В этой теме полтора землекопа. На этот мертвый форум никто не заходит. И Махарадж. И он уже все написал, и руки умыл. Смотри мое сообщение с цитатой и ссылкой выше.

----------


## Aryan

> В этой теме полтора землекопа. На этот мертвый форум никто не заходит.


Не спешите закапывать форум - еще не родился тот землекоп...

" Вы член этого клуба?
- Нет, я- привидение.
- Но это не дает вам права расхаживать по клубу!"
(с)Из английского юмора

----------


## Lakshmana Prana das

Я написал ответственному за проект строительства Московского храма Нарешваре прабху. Вот что он ответил:

В 12-13 годах проводился внутренний аудит ПСХ.  Результаты рассылались по ВИОМС и обсуждались с представителями московской общины на открытых собраниях.  На ПСХ было собрано 144 млн. рублей.  Из них 73 потрачено на проектирование 71 осталось после того, как Правительство Москвы отобрало землю в Молжаниново.  На эти деньги (плюс дополнительно привлечённые) по решению GBC в начале 2014 года была куплена земля в Химках.  

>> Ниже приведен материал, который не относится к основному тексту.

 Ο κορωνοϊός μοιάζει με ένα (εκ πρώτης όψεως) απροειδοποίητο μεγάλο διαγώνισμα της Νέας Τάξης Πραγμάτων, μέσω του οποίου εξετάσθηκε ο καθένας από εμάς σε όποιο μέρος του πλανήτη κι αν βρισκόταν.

Отчет о работе ревизионной комиссии

По решению GBC по Москве: Шрилы Гопал Кришна Госвами, Шрилы Ниранджана Свами, Шрилы Бхакти Вигьяна Госвами и регионального совета была проведена внеплановая проверка финансовой отчетности и деятельности по Проекту строительства храма (далее - ПСХ) в Москве (протокол от 13.02.2013 за подписями Бхакти Ананта Кришна Госвами, Ангира Муни прабху, Даявана прабху).

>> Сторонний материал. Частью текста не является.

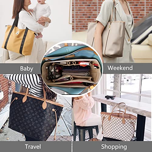 Lmeison - منظم شنط من لميسون، تصميم عملي، لون بيج، مصنوع من اللباد، محمول وخفيف الوزن وقابل للتعديل، يناسب شنط توت ونيفرفول
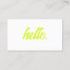 Hello Neon Chartreuse Yellow Black White Modern Business Card

Предыдущая проверка была проведена в июне 2012 (проверяемый период 2009 - 2011 гг).

Финансовую проверку проводила группа вайшнавов - специалистов по финансовому управлению и аудиту под руководством Амриты прабху (имеющего финансовое образование, опыт работы в бизнесе и госструктурах).  Члены комиссии: Враджешчандра прабху (руководитель крупного кондитерского предприятия), Лила Раса даси (финансовый директор сети ресторанов), Иквшваку прабху (финансовый директор и руководителя службы внутреннего аудита в рекламном бизнесе), Индулекха деви даси (глава казначейства, заместитель финансового директора в крупной инвестиционной финансовой компании). Период работы ревизионной комиссии: с 15 февраля по 29 апреля 2013 года.  

В соответствии с поставленными руководителями задачами, был проведён обзор бизнес-процессов, организационной структуры, финансовой отчетности и системы внутреннего контроля.

Целями и задачами аудита являлось:
Анализ основных процессов и инструментов контроля.  
Оценка рисков.  
Выборочная 	проверка документации.  
Проверка финансовой отчетности и документов.  
Авторизация финансовых документов.  
Анализ дебиторской и кредиторской задолженности.  
Соответствие законодательству и внутренним политикам.  
Разработка рекомендаций для повышения эффективности и обеспечения прозрачности.  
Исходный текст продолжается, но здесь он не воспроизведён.